The president's proposals to limit speculation in the oil markets does hint at political rhetoric. There is an instant suspicion, and rightly so, when President Obama unveils measures to attack "high gas prices" and asks for congressional help he knows he's not going to get in an election year.
But political posturing aside, the president is not wrong: Oil speculation, in its many forms, has driven prices upwards and away from the true supply and demand fundamentals that exist.
What's maddening to me, even discounting the political calculus of an electioneering president, is how fast the "defenses" of speculation reemerge whenever any help of new regulations are proposed. While never thinking my book on the topic, "Oil's Endless Bid", would be the last word on the subject, I had thought that the conversation on the financial influences on oil would have progressed. It doesn't have seemed to.
Indeed, from editorials on Bloomberg extolling the "positives" of rampant speculative activity, to the very tired memes of real risk being reflected in price proffered by the Chicago Mercantile Exchange, home to oil futures trading, we continue to argue the same stuff, over and over. From my perspective, it is a continual effort to rage against the machine: No matter how hard or often I tell the real truth of how oil prices are arrived at, there appear an army of protectors of Wall Street profit machines ready to fight.

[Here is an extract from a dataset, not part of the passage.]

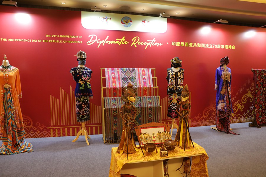 Photo taken on Oct. 30, 2024 shows traditional Indonesian costumes displayed at a reception to celebrate the 79th anniversary of Indonesia's independence in Beijing, Oct. 30, 2024. (People's Daily Online/Wang Quanjiao)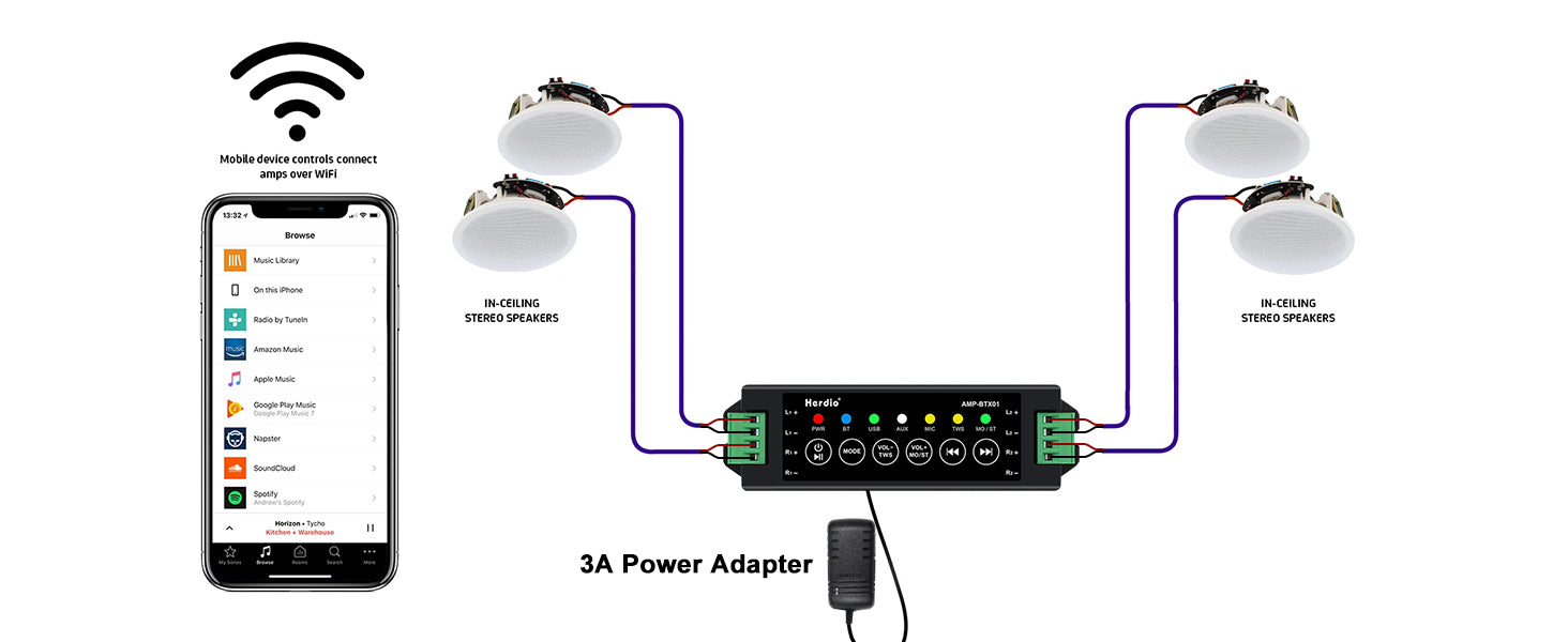 Included Components: 4* 4 Inch Ceiling Speaker, 4* Speaker Cable, 1* Wall Amplifier, 1* Power Adapter (Supplied by your country), 1* Manual

So, again, I will quickly explain why the common arguments that are most often made against speculative influences in oil are inherently wrong.
1 -- High oil prices are reflecting real future supply risks.

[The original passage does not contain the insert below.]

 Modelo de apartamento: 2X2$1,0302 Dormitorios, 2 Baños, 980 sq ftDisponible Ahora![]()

Leave for the moment that the market is more than adequately supplied presently, we are in fact swimming in oil, borne out by recent statements by the Saudi oil minister Al-Naimi and our own domestic export of finished products. But if in fact there are very real supply risks in the future, shouldn't the prices in the future be higher than today? In a futures market, we can actually see what prices are expected to do in the future, unlike most other asset markets. And in oil? We are in backwardation -- meaning that as time goes on, prices goes DOWN. A lot.
2 -- Speculation isn't to blame, it's the easy money Fed, devaluing dollars in which oil is priced.
This one has some truth to it, but it is greatly overrated. We saw a $147 peak oil price, for example, in 2008, before the world ever heard of QE, never mind Operation Twist and LTRO's and in a not particularly weak dollar environment. Historically, some of the strongest years in oil inflation were in years of a RISING dollar, particularly 2005. In short, the dollar matters, but not nearly as much as the money chasing the oil trade.
3 -- Speculators help smooth out volatility and crushing them would make oil prices less reliable.
This one's too silly to even challenge. Before the explosion of "liquidity" from high-frequency algorithms, hedge fund programs, investment bank trade and institutional and retail investment, volatility was a fraction of where it is today. Believe me, I've been trading oil for 25 years -- no one EVER complained of a lack of liquidity before 2005, and everyone with a legitimate interest in real oil hedging managed to get whatever they needed to do done. And oil never moved two dollars a day, which it does regularly now.
4 -- Attacking speculators is an attack of floor traders, just regular joes trying to make a living.
Please, the game has moved so far past us now -- we've got nothing to do with what oil trade is about anymore and haven't had any influence (if we ever did), since about 2003. The oil game is overrun with IB desks, hedge funders, long/short punters, algos, HFT's and private trade houses like Vitol, Trafigura and Glencore. And yes, Virginia -- fraud can happen: We've forgotten too quickly about such stellar examples as Enron and Amaranth.
These are not the guys that anyone should look to protect. They absolutely jack up the prices of oil that you and I are forced to pay at the pumps. But they are the beneficiaries of the continued defense of the broken oil markets as they are today. We haven't made much progress.